# Free Plants for Local Pickup Only



## CrownMan (Sep 12, 2005)

*Free Plants for Local Pickup Only -- PLANTS ALL GONE*

I am trimming my 38Gallon CO2 tank today and it is overgrown with Syngonanthus Belem. I will have several stems of Belem available along with 2 or 3 nice healthy stems of some type of Alternathera and a stem or 2 of Limno Aromatica and Polygonum sp. 'Kawagoeanum' or 'Sao Paulo', I'm not sure which it is.

From my non CO2 tanks, I have some Hygro Angustafolia, Limno Aromatica, Ludwigia Repens Narrow Leaf and a small amount of Anubias.

I have 8 planted tanks I will be trimming today so PM me if you would like any of these plants

Also have about 7 or 8 young Albino Corys I have raised that I would trade so make an offer.


----------



## CrownMan (Sep 12, 2005)

Plants are spoken for.

Thanks,


----------



## StephB (Nov 13, 2009)

Thanks so much, Mike, for all the plants and spending the time to talk to me about all your gorgeous tanks! I was reading up on that Belem and am wondering if we'll be able to keep it going. I know you had it in your CO2 tank.
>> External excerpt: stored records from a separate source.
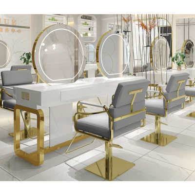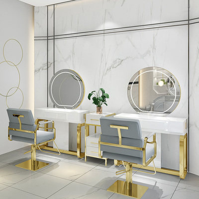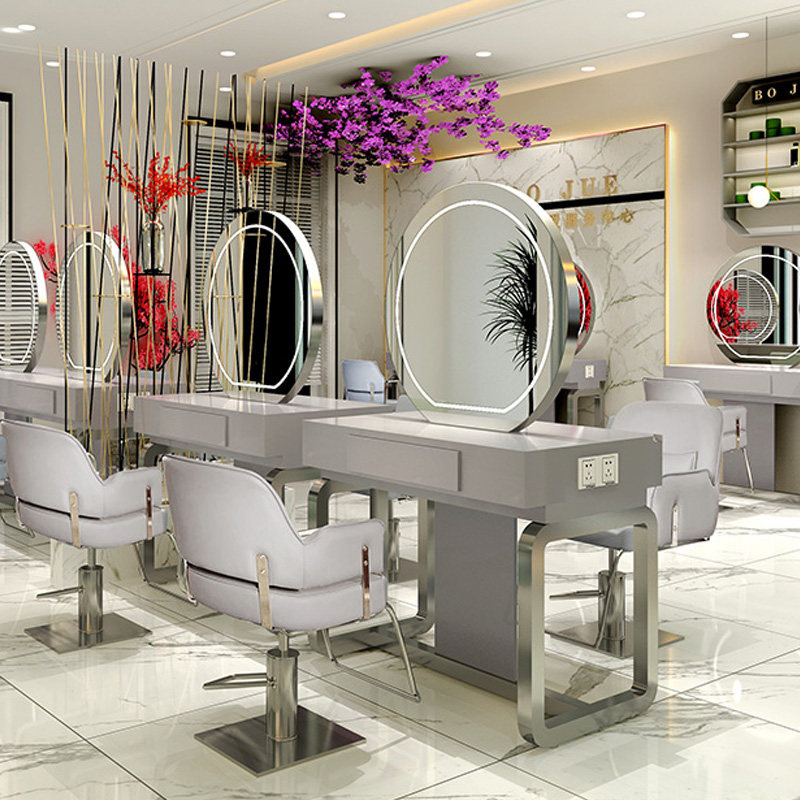 Barber shop mirror desk simple hair salon with lights hair mirror stainless steel European mirror studio makeup mirror table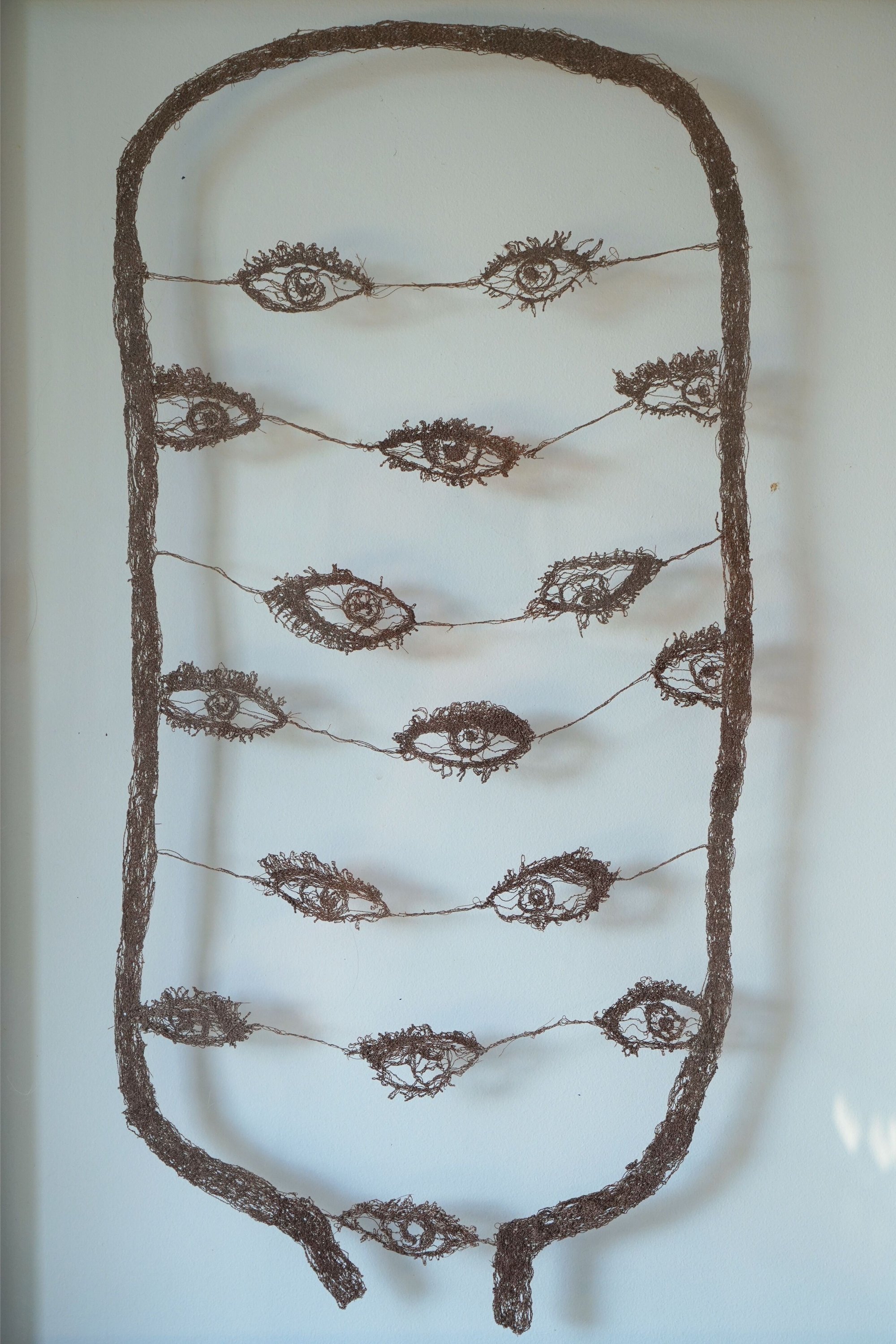 La répétition du motif de l’œil agit comme une incantation visuelle. Chaque point de fil, chaque nuance de lumière, devient un battement, une respiration.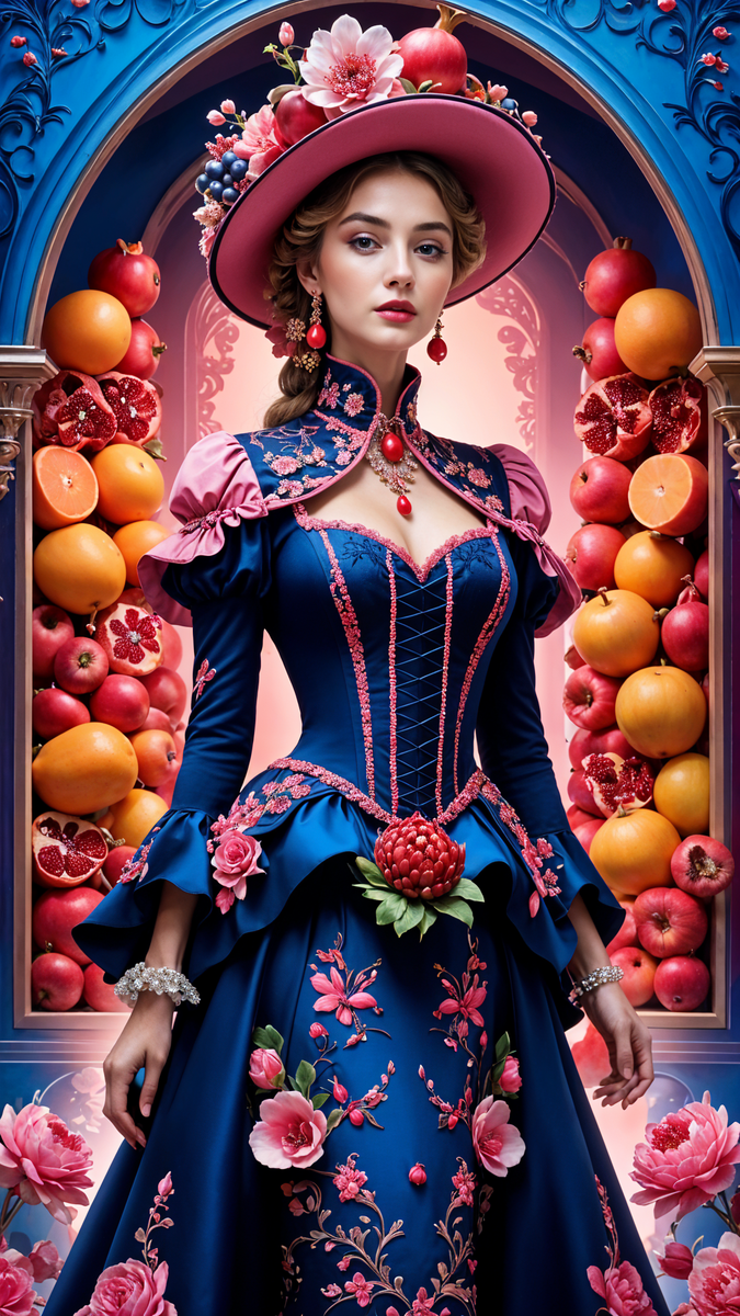 Цветочно-фруктовые фантазии нейросети Плейграунд: красотка в стиле рококо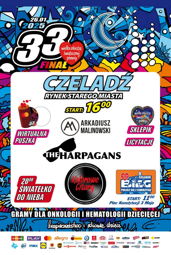 26 stycznie 2025 r. odbędzie się 33. finał Wielkiej Orkiestry Świątecznej Pomocy, tym razem zagramy dla onkologii i hematologii dziecięcej, a motywem przewodnim jest bezpieczeństwo i zdrowie dzieci. Miasto Czeladź i Czeladzianie jak zwykle włącza się do akcji i szykuje na ten dzień wiele atrakcji.
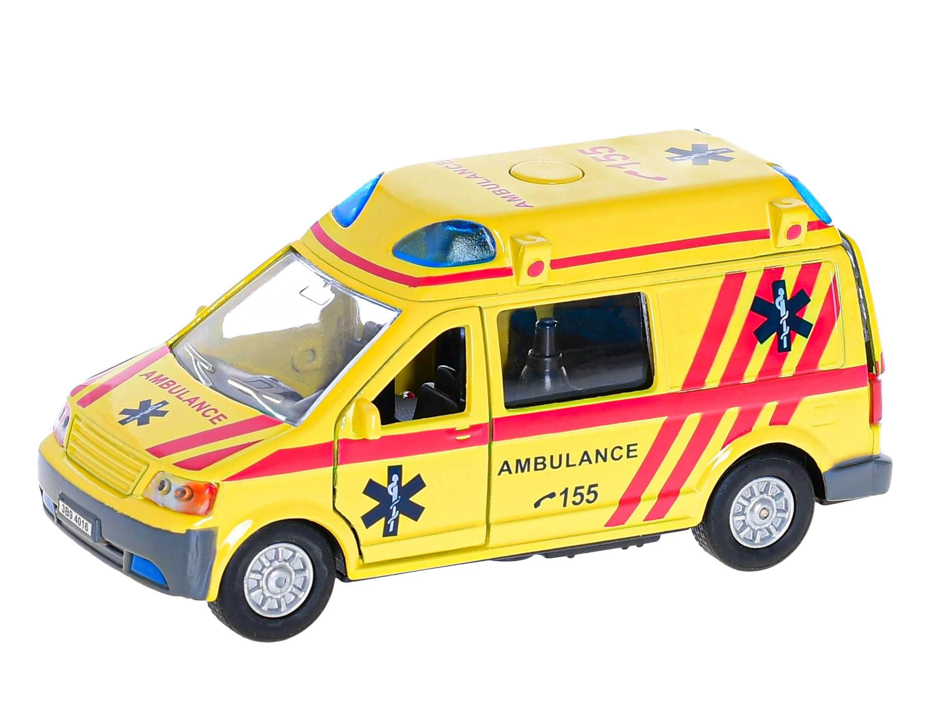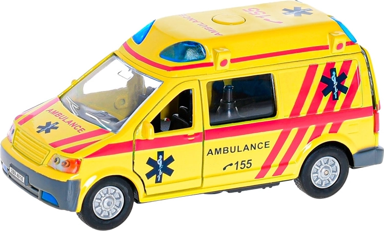 Realistiškas metalinis greitosios pagalbos automobilis mažiesiems gelbėtojams siūlo šviesos ir garso efektus, atbulinę eigą ir atidaromas priekines bei galines duris. 14 cm ilgis užtikrina puikų valdymą ir smagų žaidimą per kiekvieną gelbėjimo operaciją.
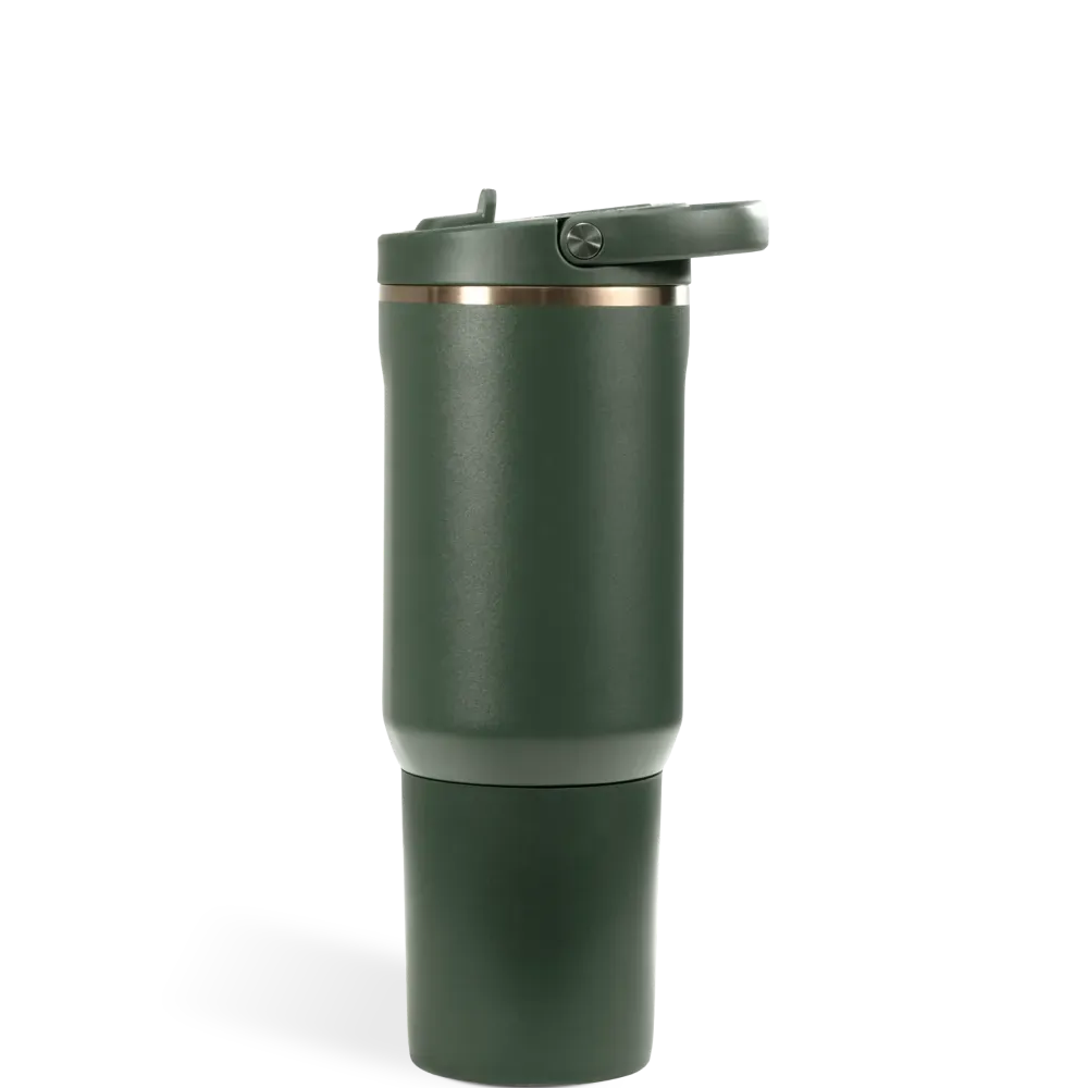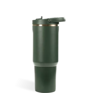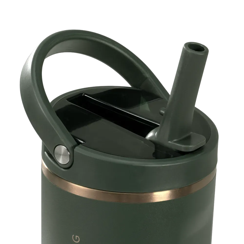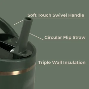 Fully leakproof with the straw down, this tumbler features a circular flip straw for quick sips, ergonomic side grips, and a bucket handle for comfortable transport. A protective rubber base adds durability, while the dishwasher-safe body makes cleaning effortless.

I've read it does not like hard water and might be fussy about substrate. We are using tap water and gravel substrate with laterite (and DIY CO2) in the tank we will be planting it in. Are you doing anything special with your water? Or is it already used to our local water? Thanks again!


----------



## CrownMan (Sep 12, 2005)

You're welcome Steph.

No, I'm just using tap water but the water here in Arlington is medium, I guess. My general hardness runs about 120ppm and the carbonate hardness is about 80ppm. 

I am using ADA amazonia for the substrate, but I believe Belem gets most of its nutrients from the water as most stem plants do, not the substrate. I dose to Tom Barr's estimative index and do 50% water change weekly but I do add 1/2 tsp of Seachem Equilibrium with each water change in my 38 Gallon tank.

If it gets enough NPK, traces, extra iron (I use Seachem Iron and Flourish 3x week) and light, it should do fine as long as the CO2 is going good. With my water conditions, I keep the pH at 6.6. I can grow a pretty good forrest of it in 4 to 6 weeks.

Good luck and let me know how they do.


----------